One of the most important steps of the K-means analysis is defining the initial location of the cluster centers. The way K-means clustering works is that it starts by assigning k data points to be the initial cluster centers, then using the specified K-means algorithm to iteratively assign other data points to these clusters and update the cluster centers. This iterative process continues until no data points change cluster assignment and no cluster centers change location (this is called “convergence”).

However, the selection of the initial clusters may strongly influence how well the data are clustered. This is due to the fact that the K-means algorithm can get “trapped” by local minima when trying to optimize cluster assignments. Classical approaches to address this problem involve selecting k data points at random to serve as the cluster centers, performing the clustering analysis, then repeating the entire analysis numerous times by choosing a new set of points to use as the initial k cluster centers each time. The all of the analyses have been performed, the “best” set of initial clusters is selected. But this means that the analysis must be performed numerous times (common values range anywhere from 10 to 100 repeats of the entire clustering analysis). This can be computationally intensive, and can take quite a long time depending on the complexity of the data.

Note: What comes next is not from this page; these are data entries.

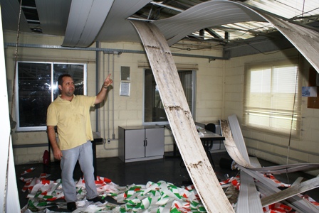 Os ventos arrancaram por completo o telhado “ ele veio por baixo e suspendeu todo telhado e nós aqui na portaria vimos tudo e ficamos assombrados”, relator o segurança Celestino Barbosa, 28 anos. Ainda em estado de choque, o gerente, gaúcho natural do município de Campo Bom-RS, disse ao CN que foi tudo muito rápido. Ele e a auxiliar Suzana Cavalcante estava no escritório quando tudo começou e tiveram que sair correndo, pois toda estrutura do forro da área onde funciona o escritório, começou a cair. “Parecia uma cortina se abrindo”, contou Suzana.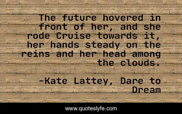 This page presents the quote "The future hovered in front of her, and she rode Cruise towards it, her hands steady on the reins and her head among the clouds.". Author of this quote is Kate Lattey, Dare to Dream. This quote is about future-plans, dream, head-in-the-clouds,.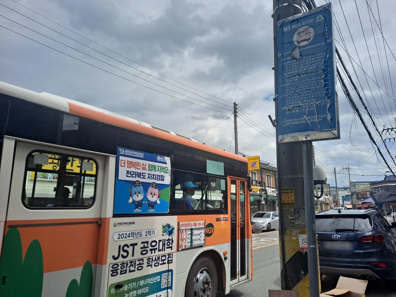 이번 정류장은 황등파출소란 안내 소리가 차가운 에어컨 공기 사이로 흐른다. 찻길 오른쪽으로 한일식당이 보인다. 눈에 담고 다음 정류장인 황등면사무소에 내린다. 10시 29분이다. 정류장에서 시장비빔밥까지 200m 정도 걸어간다.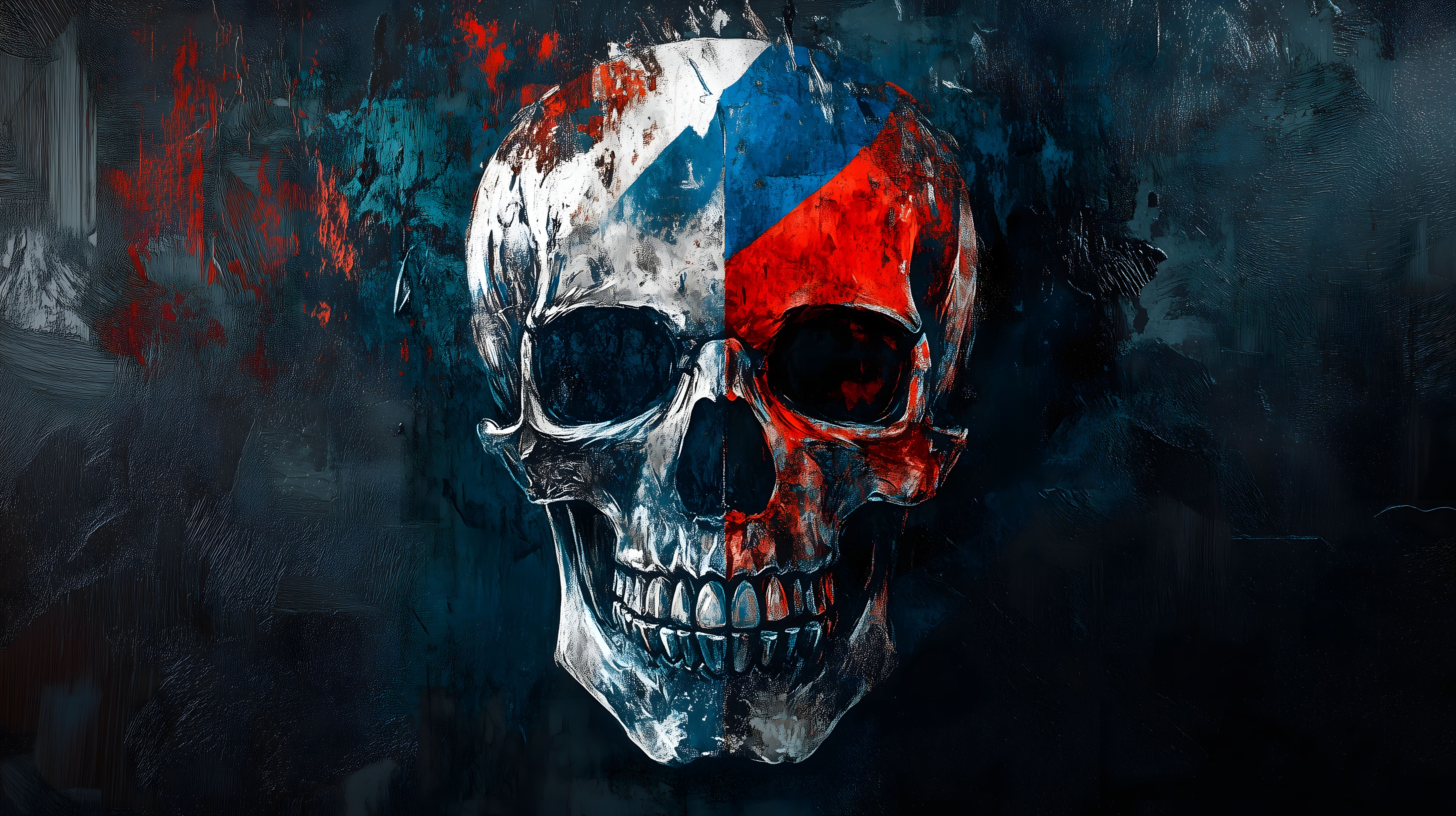 Dieses intensive und düstere digitale Kunstwerk zeigt einen Schädel mit der Flagge Russlands. Der Schädel ist in einem expressionistischen Stil gemalt, mit Farbtupfern in Rot, Blau und Schwarz. Die Darstellung vermittelt eine Stimmung von Bedrohung, Aggression und Rebellion. Dieses Bild könnte in Blogs, Newslettern, sozialen Medien oder Werbematerialien mit düsterer, politischer oder militärischer Thematik eingesetzt werden. Als kostenloses Stockfoto in hoher Auflösung und unter Creative-Commons-Lizenz eignet es sich ideal für vielfältige kreative Projekte.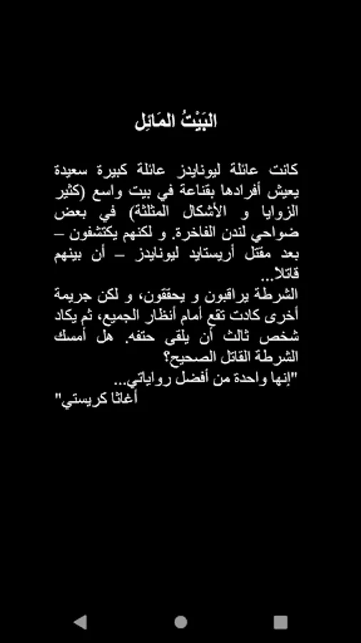 A new novel from the novels of the giant writer, who is considered the greatest author in history in terms of the spread of her books and the number of copies sold, and she is - undisputedly - the most famous of the crime story books in the twentieth century and in all other eras. Her novels have been translated into most living languages, and the number of printed copies has reached nearly two thousand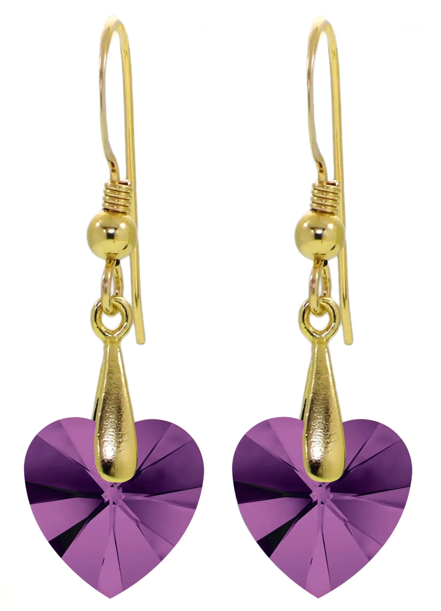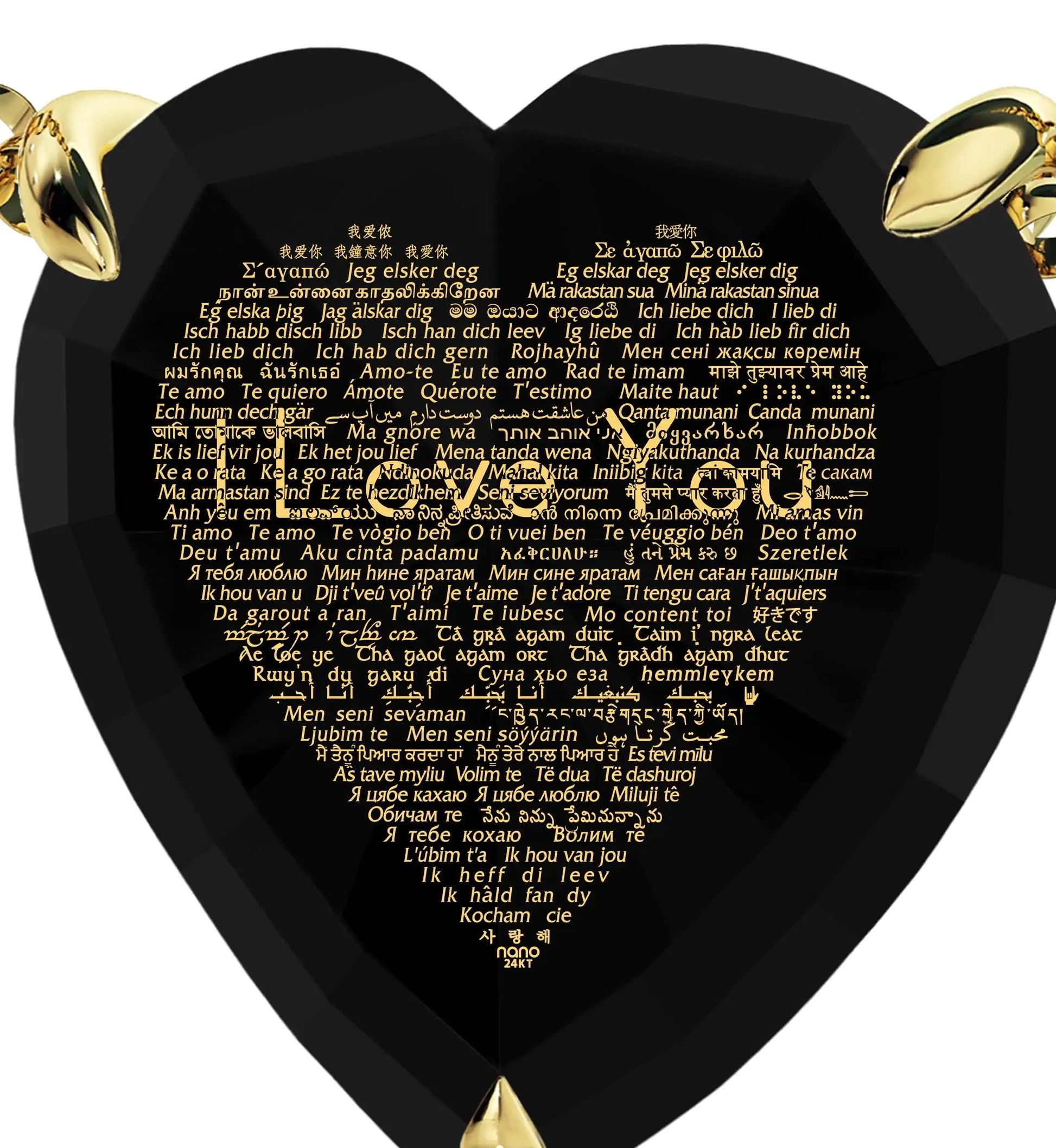 Radiate romance with this beautifully crafted cubic zirconia heart pendant inscribed with "I love you" in 120 different languages in 24k gold, accompanied by crystal Swarovski heart earrings.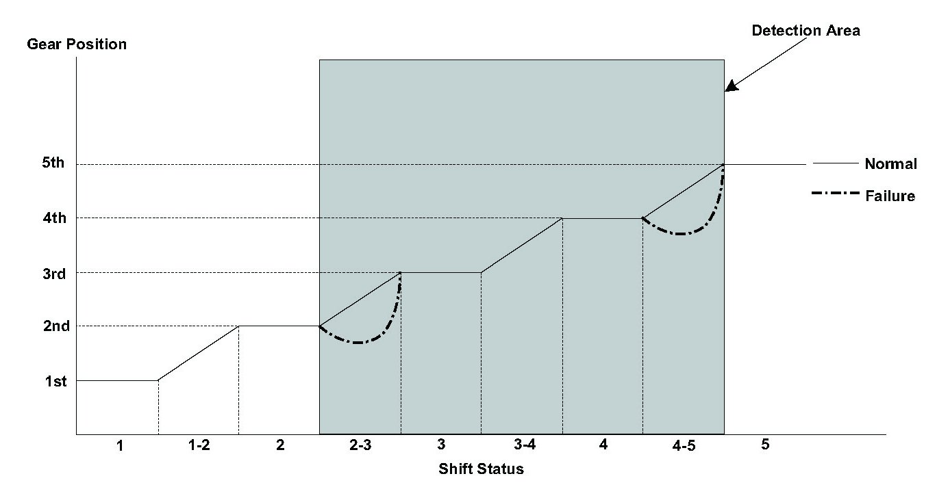 A/T clutch pressure control solenoid valve B is installed in the transmission housing. A/T clutch pressure control solenoid valve B is operated by the powertrain control module (PCM) and converts modulated pressure to A/T clutch pressure control solenoid valve B pressure, which operates CPC valve B. Line pressure is modulated to clutch pressure control B pressure (CPC B pressure) by CPC valve B and the CPC valve B spring. A signal from the PCM is output to the proper gear clutch, determined by the gear schedule, to supply the proper CPC pressure according to the driving conditions. When the current from the PCM is low (OFF), A/T clutch pressure control solenoid valve B operates and the CPC valve B pressure increases. When the current from the PCM is high (ON), A/T clutch pressure control solenoid valve B turns off and the CPC valve B pressure decreases. The PCM monitors the input shaft (mainshaft) speed and the output shaft (countershaft) speed at the gear change determined by the shift schedule. When an improper gear ratio is output compared to the predetermined gear change mode, the PCM detects an A/T clutch pressure control solenoid valve B ON failure and stores a DTC.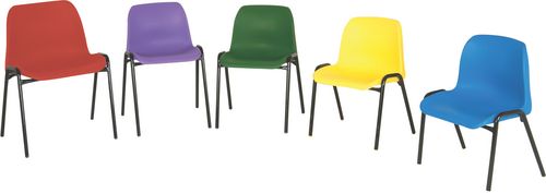 Tough, moulded, textured seat with black epoxy coated frame, suitable for both indoor and outdoor use. Easily stackable up to 10 high. Ideal for schools, canteens etc. Available in blue, yellow, red, green and purple. These chairs are available in five sizes to suit all age groups: 3 - 5 years, 5 - 7 years, 7 - 9 years, 9 - 13 years and 13 years - adult. Conforms to BS4875 for strength and stability.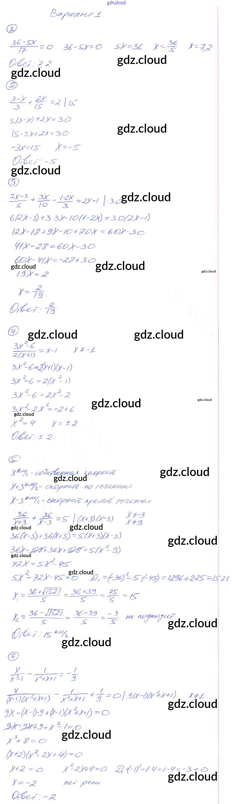 СР-7. Первые представления о рациональных уравнениях Ответы к Самостоятельным работам по Алгебре 8 класс Дидактические материалы Попов УМК Экзамен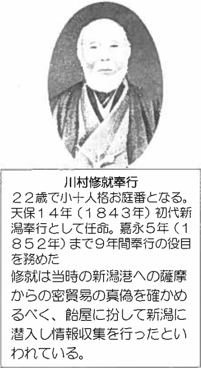 天保14年(1843)6月川村修就は新潟奉行を拝命する。幕府は新潟を長岡藩から上知することに成功した。新潟幕府よる支配体制を固め、日本海側の防備を進めることが任務であった。 川村はその主要な任務だけでなく、新たに幕府領となった新潟町を支配するため、また街の治安を安定させるため、様々の制度を進めた。 それと共に以前から長岡藩のもとでずっと行われていた砂防林の造成を積極的に推し進めた,川村奉行行列は、新潟まつり江東地区実行委員会が実施し、 8月7日のまつり行列(現在は8月の第1(もしくは第2)土曜日に開催)の万代地区の先導役として重要な役割を担うまでになって、 すでに11年、地元でも歴史ある行事となった。新潟まつりは80万人の人出で賑わいました。
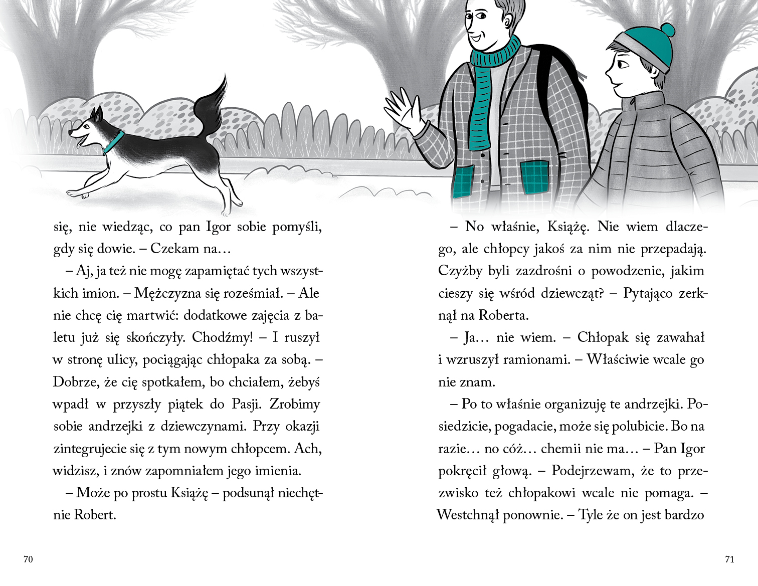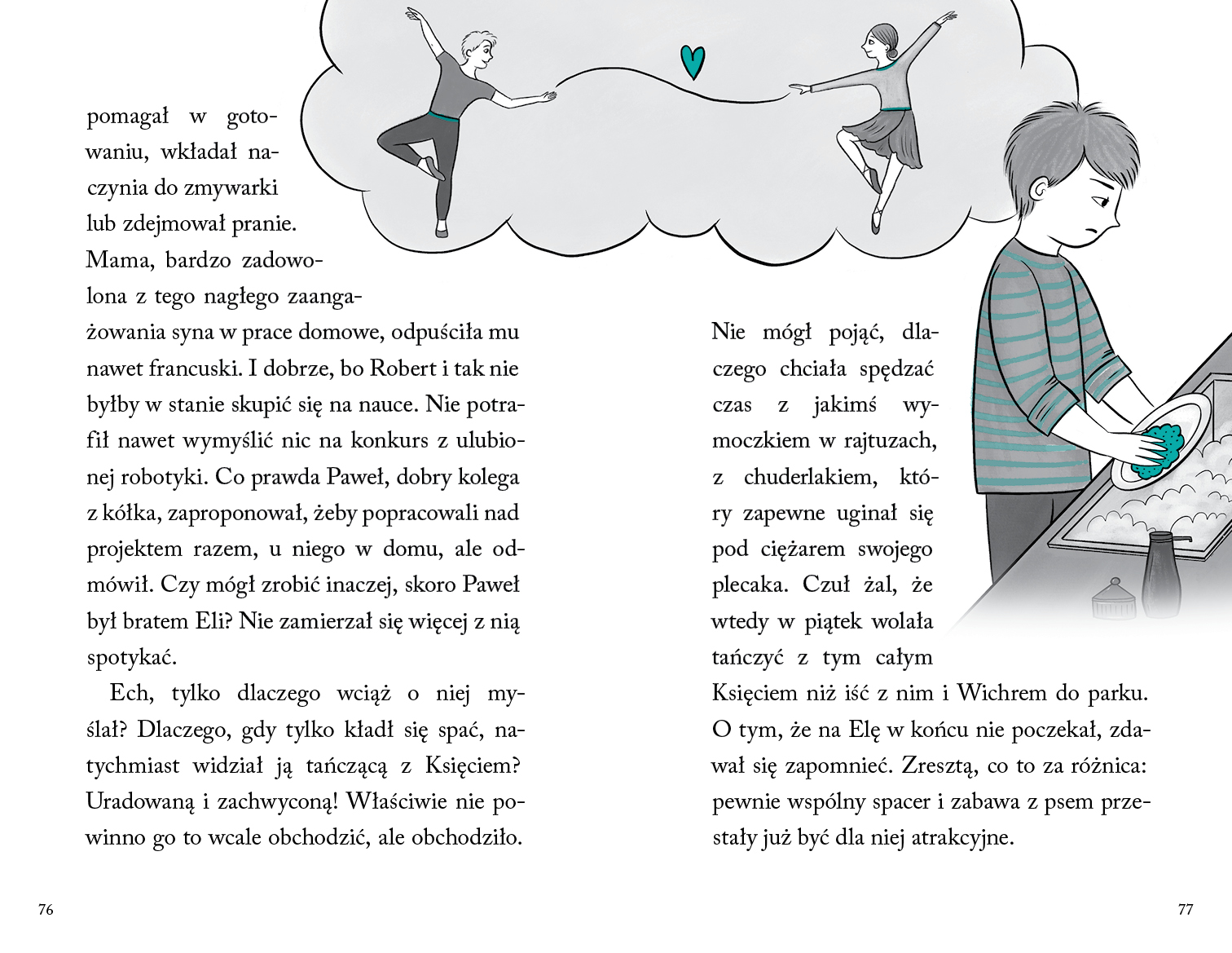 Robert ma wrażenie, że nic mu ostatnio nie wychodzi. Po kontuzji ręki nie może wykonywać wszystkich ćwiczeń, ma też zaległości w szkole. Do tego Ela nie ma dla niego czasu. Gdy do Akademii Tańca dołącza Marcin – utalentowany, pewny siebie i uwielbiany przez wszystkich chłopak – sytuacja jeszcze bardziej się komplikuje. Marcin od wielu lat trenuje akrobatykę, świetnie tańczy i na zajęciach tworzy duet z Elą! Czy Robert poradzi sobie z zazdrością? A może przez nowego rywala zrezygnuje z zajęć akrobatyki?

The K-means++ approach of initialization was designed to help address this issue of poor initialization coupled with the need to repeat the entire analysis numerous times. The way K-means++ initialization works is the following:

1.Define the number of clusters (k) to use for the analysis

2.Select one data point in the input data as the first cluster center

3.Calculate the distance, D(x) of every other point in the input data from this cluster center

4.Compute a probability distribution, P(x) for every data point that is proportional to the square of its distance from the existing cluster center. Thus, points farther away from the existing cluster center will have a higher probability than points closer to the existing cluster center (proportional to D(x)2).

5.Select the next cluster center using the probability distribution

6.Repeat steps 3-5 until all k cluster centers have been specified

Looking at these steps, it may be obvious that this process of initialization requires a bit more computation than simply selecting k cluster centers at random from the data. However, the tradeoff is that the analysis does not have to be repeated in its entirety when this K-means++ initialization process is used! Moreover, the K-means clustering analysis typically converges much faster when K-means++ initialization is used, resulting in overall faster analysis times. Finally, recall that each cluster center after the initial center is selected based on its distance from all existing defined cluster centers. This means that the initial cluster centers are already very spread out, which often results in better clustering results with lower within-cluster variance.

The advantages of the K-means++ initialization approach are clear, and Prism only uses this approach when performing K-means clustering.